There's a reason OEMs are going to GDI. With correct fluid dynamics they can get it so that the spark-plug area sees a richer mixture that's easy to ignite, while the rest of the chamber gets a leaner mixture with EGR mixed in. Also no mixture loss during overlap of course.
The other reason is that injecting into the cylinder during the compression stroke uses the heat rise from compression to evaporate the fuel droplets. Even though gasoline has a low latent heat value, the latent heat energy taken out by spraying fuel into the chamber lowers the pre-spark temperatures enough to allow higher compression without knock. That effect is much more pronounced with alcohol fuels, as ethanol and especially methanol have very high latent heat values.
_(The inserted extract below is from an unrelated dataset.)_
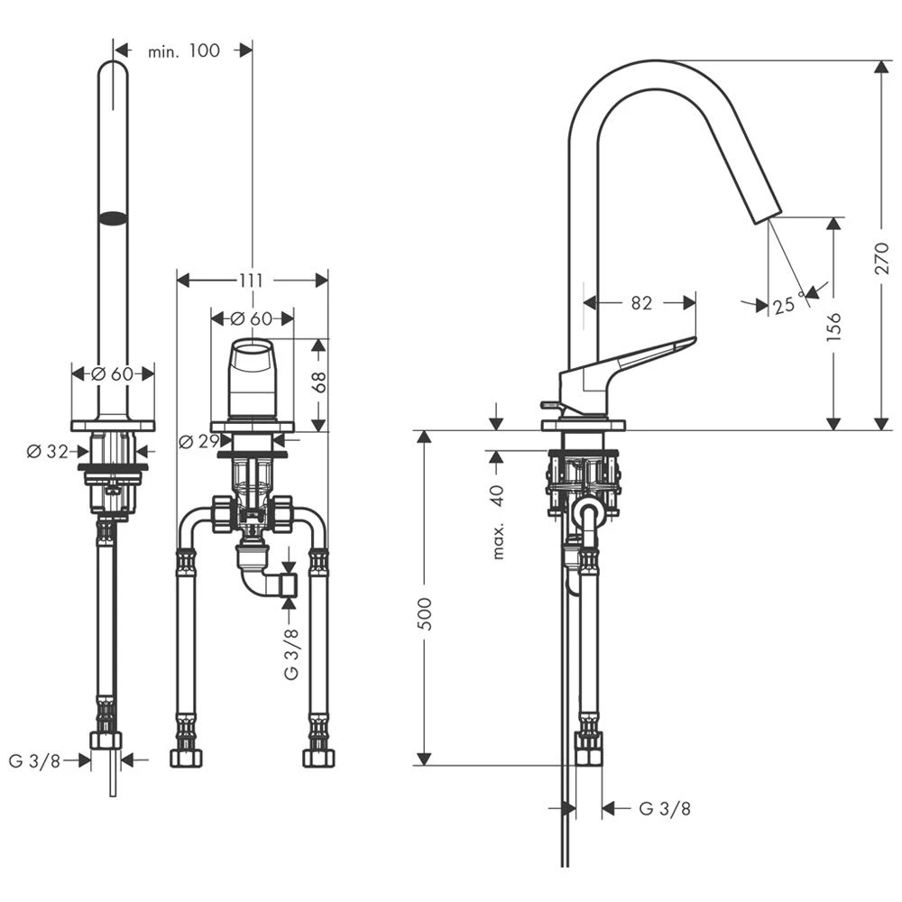 Eigenschaften: Keramikmischsystem für Durchlauferhitzer geeignet Zugstangen Ablaufgarnitur 1 1/4″ Temperaturbegrenzung individuell einstellbar mit Anschlussschläuchen zur freien Positionierung von Auslauf und Griff Höhe: 27 cm

There's an MIT paper on that and Ford is building an engine that uses it: Direct alcohol injection combined with port gasoline injection at low loads for a turbo engine. The MIT guys calculated that a 12:1 static compression engine, with peripheral direct alcohol injection (high swirl ratio) can run at up to 4 bar of boost without detonation:
http://lfee.mit.edu/public/LFEE%202006-01%20RP.pdf
That's also the reason I would never do water injection pre-turbo or in a plenum. Getting the water as much as possible in droplet form into the combustion chamber uses their high latent heat value during the compression stroke. This lowers the pre-spark temperatures, and thus the knock threshhold, much more than diluting the charge with water vapour would.